# TRY IT:
Begin at the line below that holds "運営局が通報を受け取り、必要だと判断すれば、投稿の削除を行います。" and end at the line that holds "活动说明:活动期间,玩家可使", transcribing each line exactly and skipping any picture.

# RECORDS:
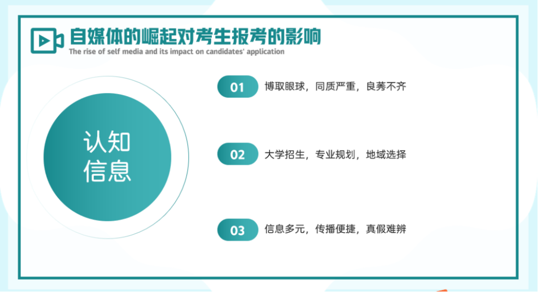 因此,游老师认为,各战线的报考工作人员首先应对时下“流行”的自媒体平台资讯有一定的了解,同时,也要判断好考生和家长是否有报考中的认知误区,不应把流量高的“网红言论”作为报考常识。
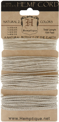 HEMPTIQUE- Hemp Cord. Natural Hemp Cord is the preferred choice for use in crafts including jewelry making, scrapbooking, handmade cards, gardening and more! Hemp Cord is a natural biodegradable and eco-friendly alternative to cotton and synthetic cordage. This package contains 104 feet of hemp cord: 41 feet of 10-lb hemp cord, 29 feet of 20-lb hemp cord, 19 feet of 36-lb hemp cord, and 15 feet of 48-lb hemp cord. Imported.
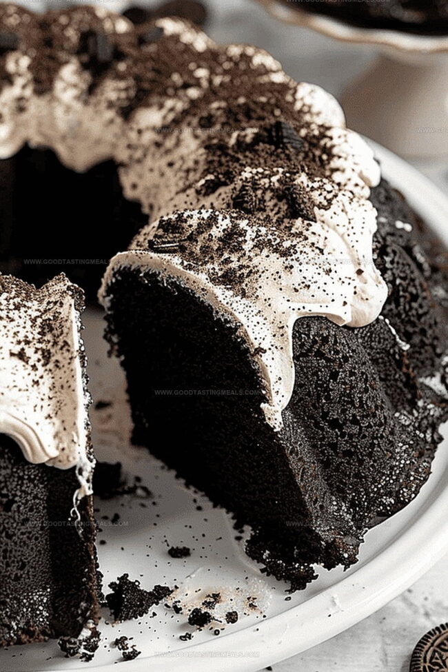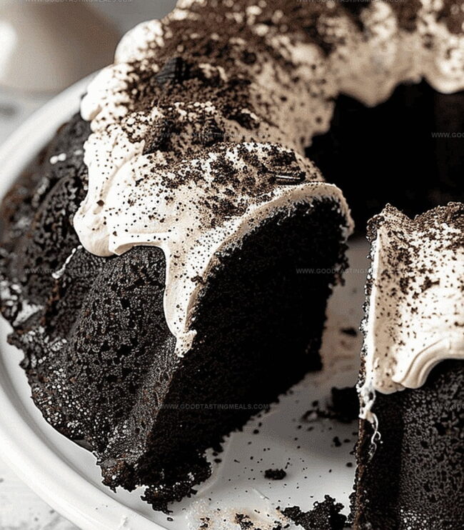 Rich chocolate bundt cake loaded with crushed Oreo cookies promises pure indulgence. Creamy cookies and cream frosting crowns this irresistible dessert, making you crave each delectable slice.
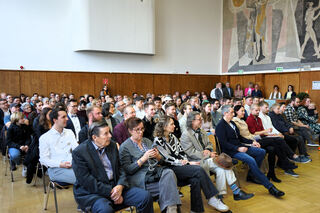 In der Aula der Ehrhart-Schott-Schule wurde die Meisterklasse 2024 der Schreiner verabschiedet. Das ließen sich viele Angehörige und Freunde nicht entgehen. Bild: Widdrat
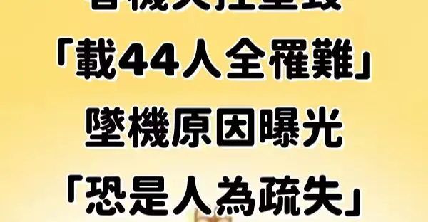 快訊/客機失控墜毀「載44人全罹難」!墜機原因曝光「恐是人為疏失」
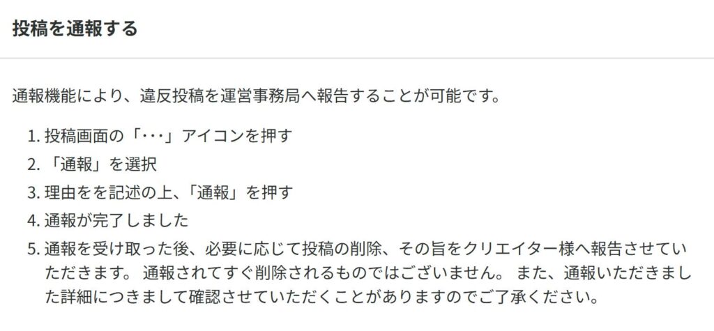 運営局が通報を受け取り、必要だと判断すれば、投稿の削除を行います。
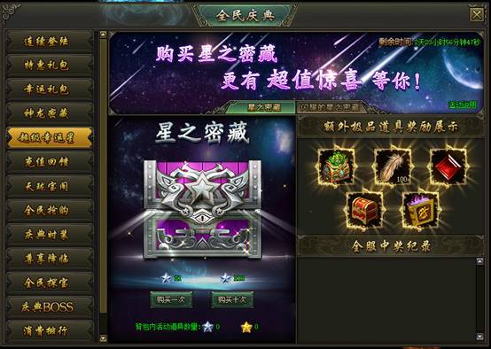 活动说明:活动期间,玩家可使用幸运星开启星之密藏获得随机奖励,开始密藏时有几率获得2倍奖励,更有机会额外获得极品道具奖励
...
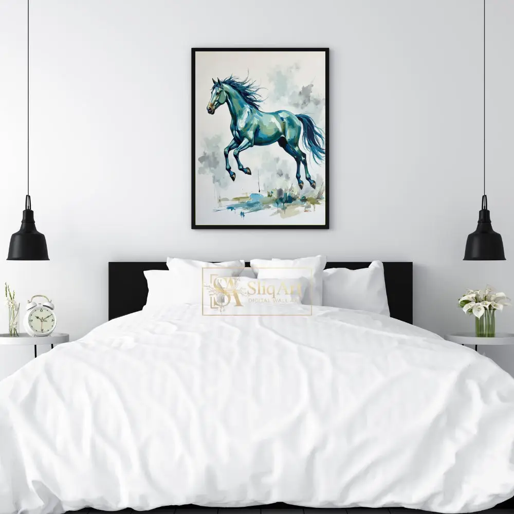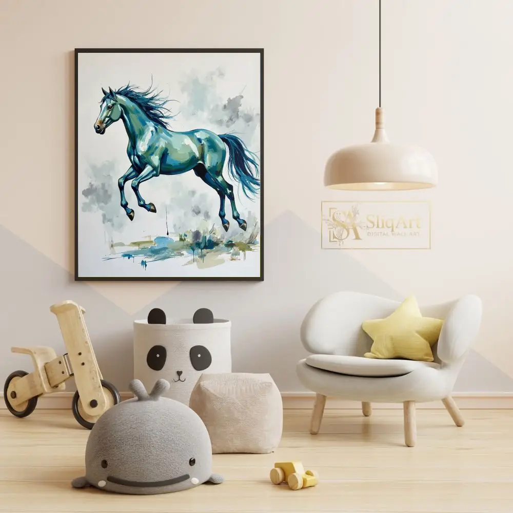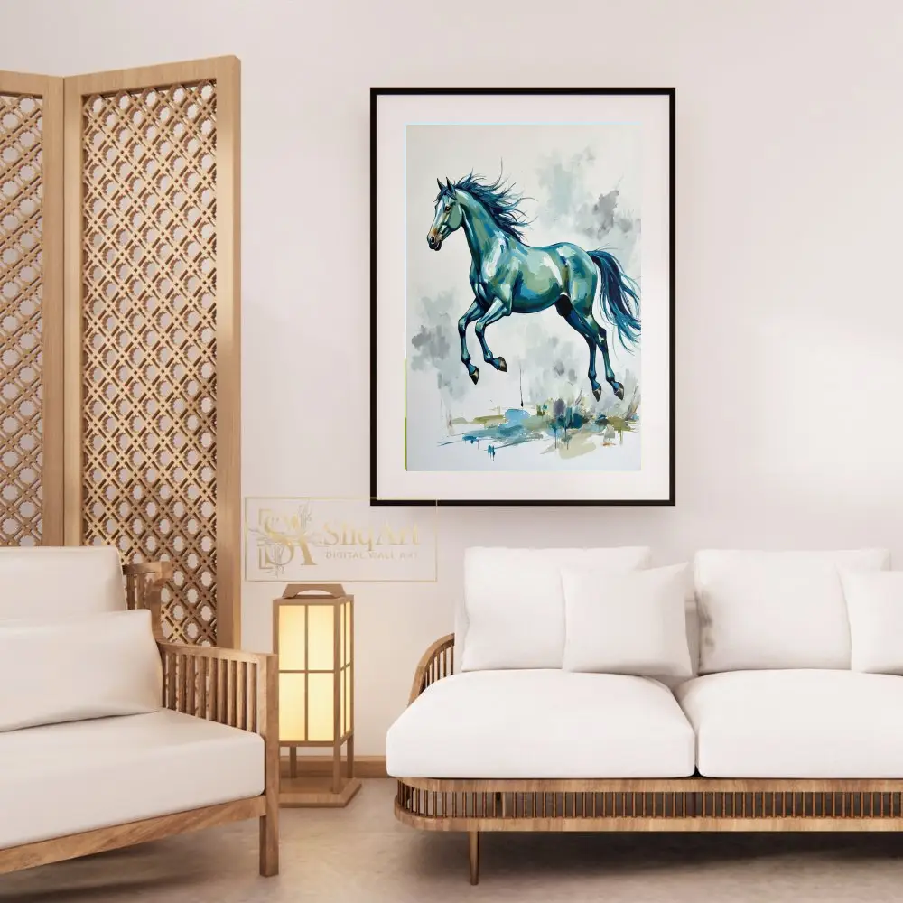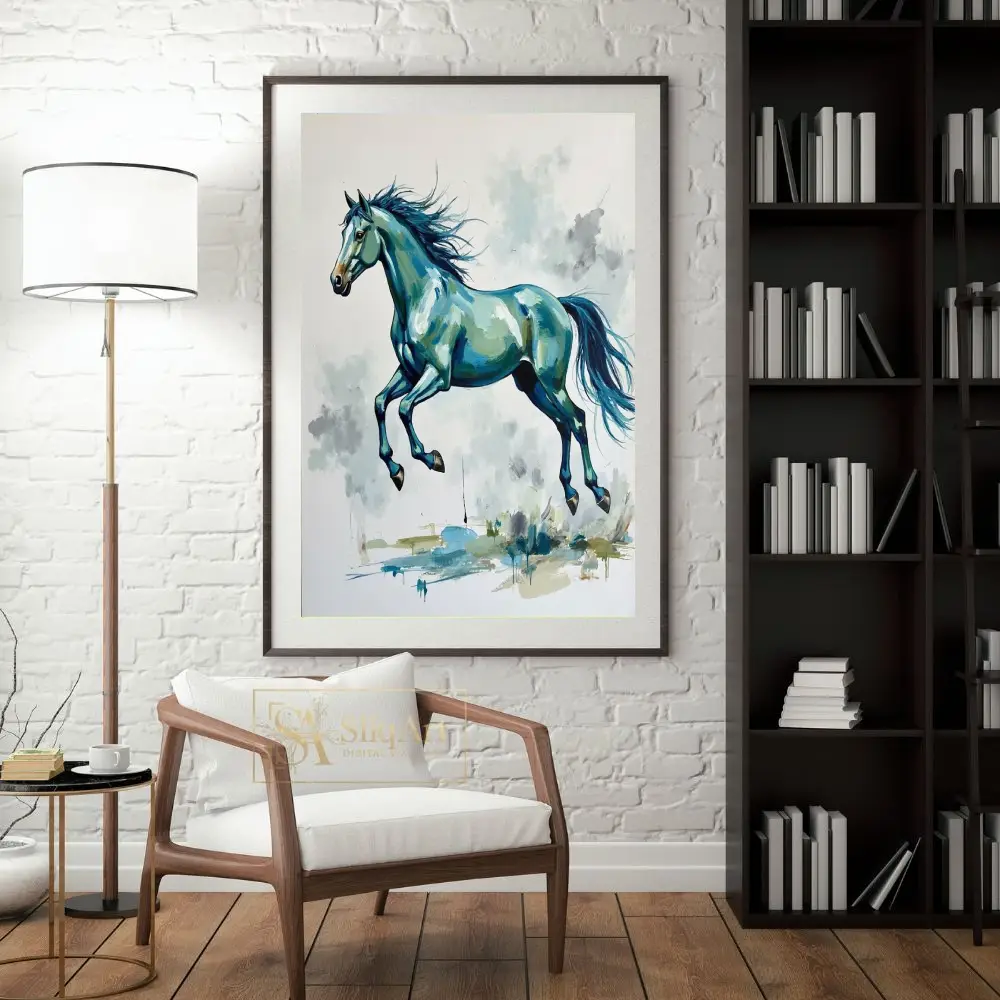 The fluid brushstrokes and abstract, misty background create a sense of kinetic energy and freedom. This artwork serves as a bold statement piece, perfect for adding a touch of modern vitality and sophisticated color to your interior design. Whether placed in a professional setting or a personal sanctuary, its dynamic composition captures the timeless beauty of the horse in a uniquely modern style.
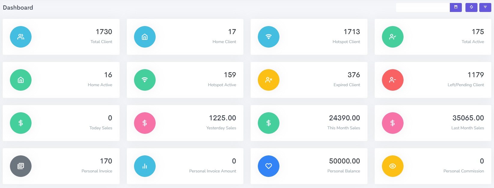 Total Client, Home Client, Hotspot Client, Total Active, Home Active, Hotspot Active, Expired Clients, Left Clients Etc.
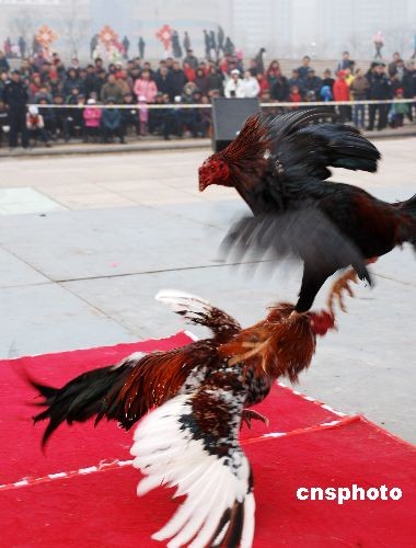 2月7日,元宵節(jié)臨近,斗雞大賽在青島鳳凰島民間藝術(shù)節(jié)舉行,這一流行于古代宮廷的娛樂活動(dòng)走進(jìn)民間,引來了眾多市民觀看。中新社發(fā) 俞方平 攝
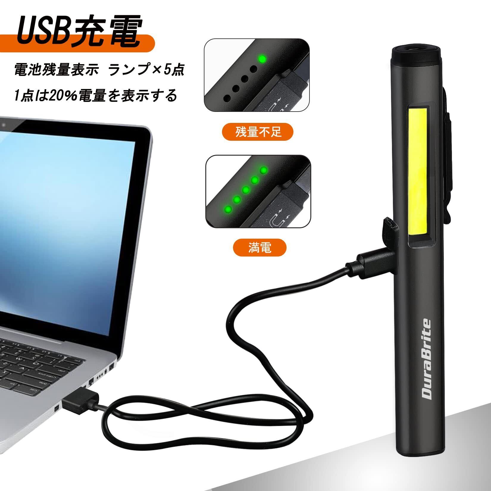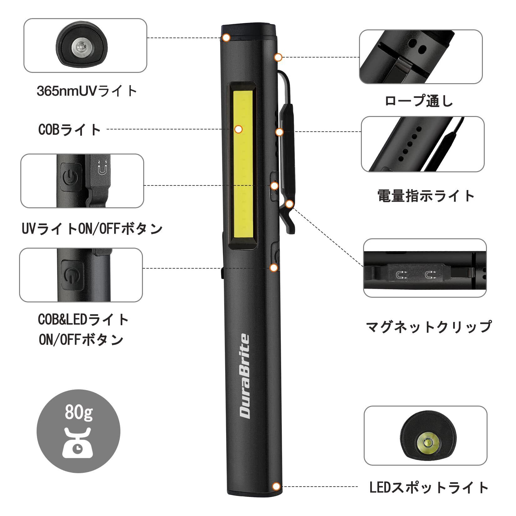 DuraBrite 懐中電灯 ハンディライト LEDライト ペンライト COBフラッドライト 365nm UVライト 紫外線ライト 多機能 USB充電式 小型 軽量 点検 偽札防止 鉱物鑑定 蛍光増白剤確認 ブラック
--
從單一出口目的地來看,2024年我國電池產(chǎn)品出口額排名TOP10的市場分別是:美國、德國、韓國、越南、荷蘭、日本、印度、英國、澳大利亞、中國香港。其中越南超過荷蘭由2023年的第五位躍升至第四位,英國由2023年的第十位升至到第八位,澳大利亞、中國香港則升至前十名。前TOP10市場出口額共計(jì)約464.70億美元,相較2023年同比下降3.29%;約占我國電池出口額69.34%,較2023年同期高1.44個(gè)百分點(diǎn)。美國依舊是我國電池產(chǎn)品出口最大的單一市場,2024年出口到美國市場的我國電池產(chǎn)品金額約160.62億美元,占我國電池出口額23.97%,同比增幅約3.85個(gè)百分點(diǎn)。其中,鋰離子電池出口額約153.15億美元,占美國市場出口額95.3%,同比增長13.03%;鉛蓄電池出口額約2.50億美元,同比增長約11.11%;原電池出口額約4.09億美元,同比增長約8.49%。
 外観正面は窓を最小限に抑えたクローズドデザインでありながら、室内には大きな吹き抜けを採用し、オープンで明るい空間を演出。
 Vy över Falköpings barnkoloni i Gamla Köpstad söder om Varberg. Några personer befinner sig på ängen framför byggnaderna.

# EXERCISE RESPONSE:
 運営局が通報を受け取り、必要だと判断すれば、投稿の削除を行います。
 活动说明:活动期间,玩家可使用幸运星开启星之密藏获得随机奖励,开始密藏时有几率获得2倍奖励,更有机会额外获得极品道具奖励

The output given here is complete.